The University of Iowa has made a deal with a former professor of obstetrics and gynecology allowing her to break her non-competition agreement to take a job at Planned Parenthood under the condition she continue working as an adjunct for the medical school.
Former Professor Jill Meadows signed the non-competition agreement — which states medical professionals cannot leave to work within a 50-mile radius of the UI Hospitals and Clinics for two years after leaving their position — in January 1999, according to documents obtained by The Daily Iowan. In March 2010, Meadows notified hospital officials she was leaving in June to work as the medical director of Planned Parenthood, which serves patients in Iowa and Nebraska.
Under the agreement, medical residents and students will have the option to train under Meadows’ clinic at Planned Parenthood for on-site instruction in the full range of family planning — ranging from training on contraception to the legal termination of pregnancy.
Anti-abortion critics are blasting the agreement, saying it places the university in a close relationship with an abortion service, while pro-choice advocates say it will help train physicians in the field of family planning.
Maggie DeWitte, the executive director of Iowans for LIFE, said her organization would be against any kind of agreement that would place the university in partnership with Planned Parenthood.
“Abortion is not health care,” DeWitte said. “We wouldn’t want our young medical staff being indoctrinated into the philosophies of Planned Parenthood.”
Cheryl Sullenger, a senior policy adviser for the Kansas-based group Operation Rescue, told the Associated Press that the deal put the UI “directly into the abortion business.”
“Why else would students be going to the Planned Parenthood in Iowa City to get training from an abortionist who has defended late-term abortions in court?” Sullenger told AP. “And is this just something they would do for anybody or just for abortionists? Is she getting special treatment because she can provide this training?”
However, Lois Backus, the executive director of Medical Students for Choice, stressed the importance of the UI to maintaining staff who can offer abortion training to residents to maintain accreditation. The director of the 139-chapter national organization noted that it was essential for doctors to have the proper training in family planning to discuss patients’ options.

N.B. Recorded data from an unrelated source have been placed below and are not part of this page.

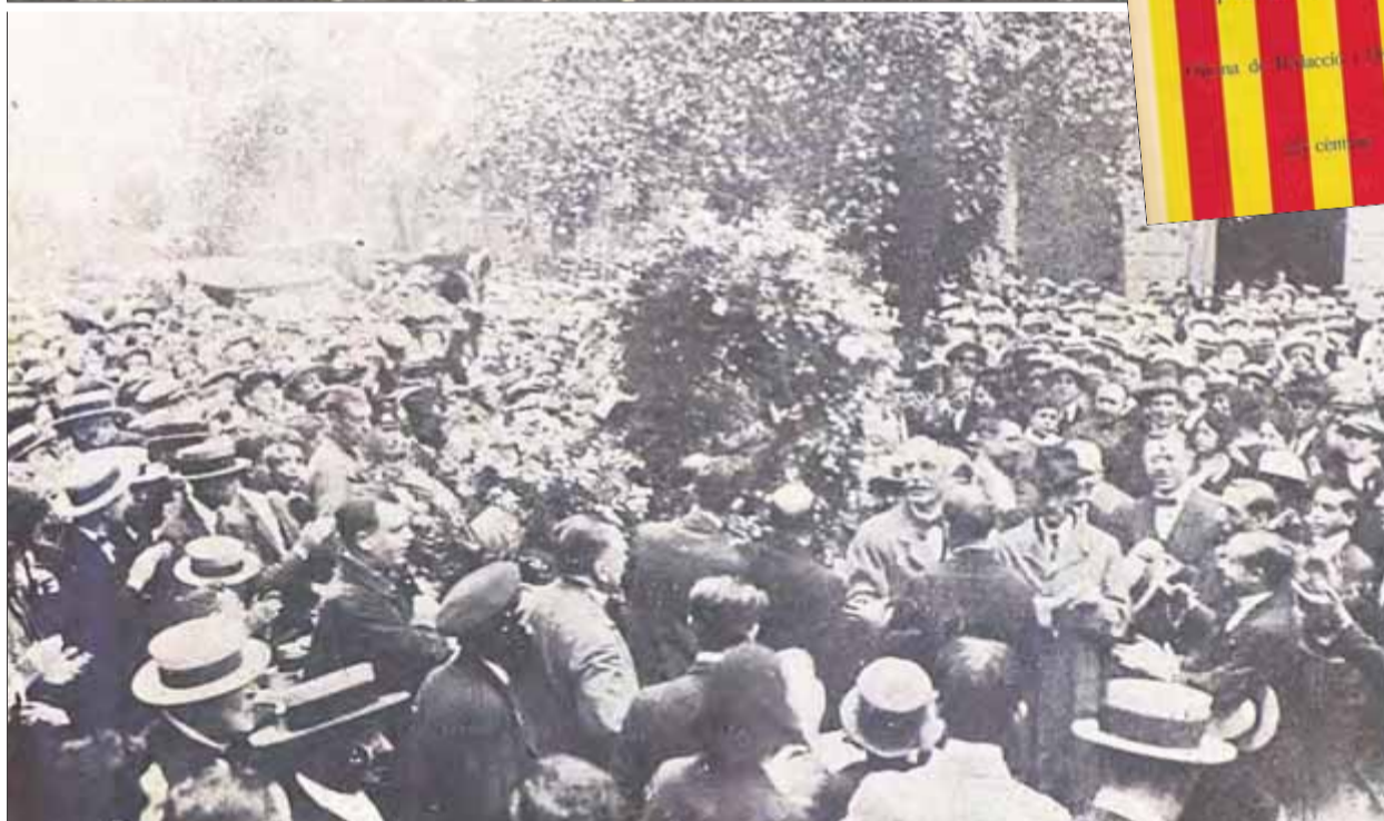
L'acte fundacional d'Estat Català (a dalt) i la primera Diada de l'11 de setembre en què va participar

ços que havia fet “per acoblar tots els nacionalistes”, tot i haver de lluitar contra “un pessimisme descoratjador”. També va fer referència a l'escenari espanyol i va remarcar la necessitat d'organitzar-se “perquè Catalunya no s'hi trobi arrossegada”. El diputat de les Borges va afirmar que calia “aixecar l'ideal edifici de la llibertat de Catalunya; que cada pe-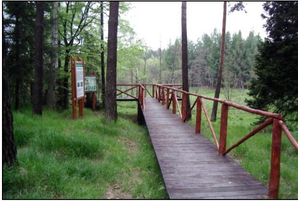
Fot. 8. Pomost widokowy zlikwidowany w 2014 roku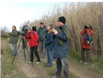
Légende photo 2 : Sortie Vendres : observation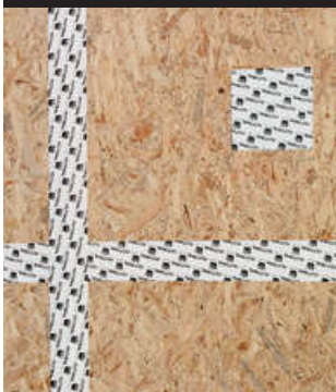
OSB-Platten luftdicht abkleben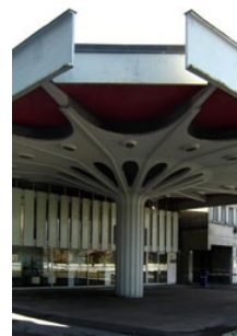
Slika 20: Bencinski servis Petrol

“Doctors who are informed and educated and give that information when appropriate to their patients are just doing good medical care,” Backus said.
Documents show the UI agreed not to pursue legal action against Meadows — a OB/GYN who worked at the UIHC for 11 years — for breaking the non-competition agreement so long as she worked as an unpaid adjunct clinical associate professor for the UIHC and provided training opportunities for medical students.

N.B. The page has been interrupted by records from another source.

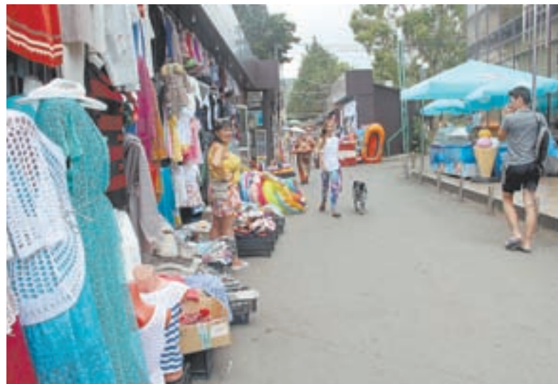
По пути к пляжу каждый среднестатистический турист тратит 300 – 500 рублей ежедневно.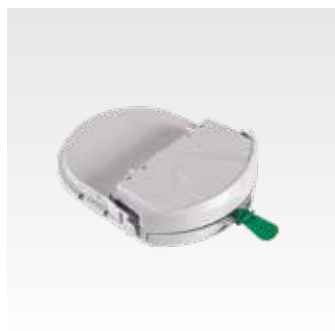
Картридж Pad-Pak для взрослых С сертификатом TSO/ETSO-C142a для использования на борту воздушного судна. PAD-PAK-07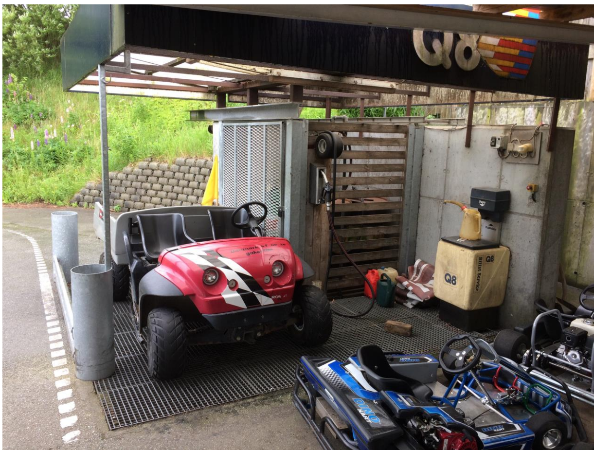
Opbevaring af benzin og øvrige væsker på overdækket 4x4 meter stort betonkar.

Der opbevares benzin til karts i benzintromler, der er placeret over et overdækket 4x4 meter stort tæt betonkar. Opbevaringsanlægget er sikret med autoværn.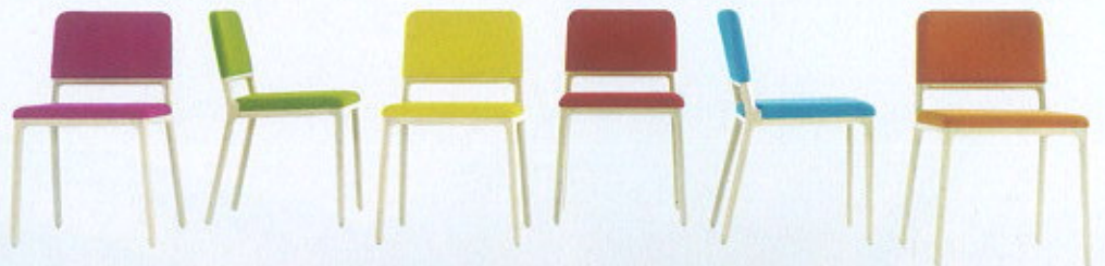
Allround Chair, da Sedie Friuli ( www.sediefriuli.it )

É a exposição mais importante da região autónoma de Friuli Venezia Giulia e um bom exemplo do melhor que é feito em Itália. Uma mostra voltada para o exterior, num formato pequeno mas suficientemente adequado aos seus objectivos. Não são os metros quadrados de feira ou a internacionalização dos produtos nela representados que a destacam, pelo contrário, é a promoção das empresas da região, com um enfoque muito especial na qualidade, e a divulgação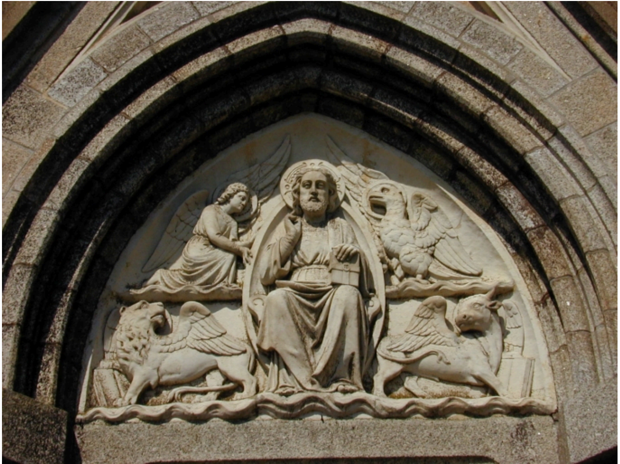
Détail : tympan du portail est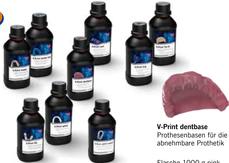
V-Print dentbase Prothesenbasen für die abnehmbare Prothetik

Beim Kauf von 4 Flaschen erhalten Sie eine weitere gratis dazu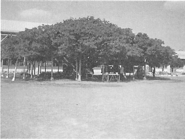
Ficus microcarpa , the largest in Japan 日本一のガジュマル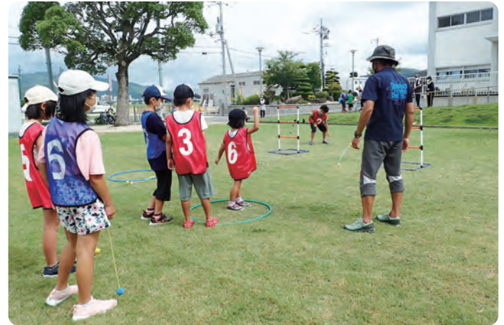
⑤ サマースタディ 8月2日～8月29日 7講座

UI spokesman Tom Moore said UIHC is obligated to offer the full range of family planning to ensure certification under the American Board of Obstetrics and Gynecology.
“We are required to offer it,” he said. “[Residents] are not required to take it.”
Moore said such arrangements with medical staff members and their non-competition agreements are not unusual.
“What’s common is that typically there’s a negotiated resolution, where there is a benefit to both parties to reach an agreement,” Moore said.
Other employees of the Carver College of Medicine reached agreements to work at the Cedar Rapids Medical Education Foundation and the Mid-Eastern Iowa Community Mental Health Center in Iowa City.
Meadows and a representative for Planned Parenthood for the Heartland declined to comment on the issue on Monday.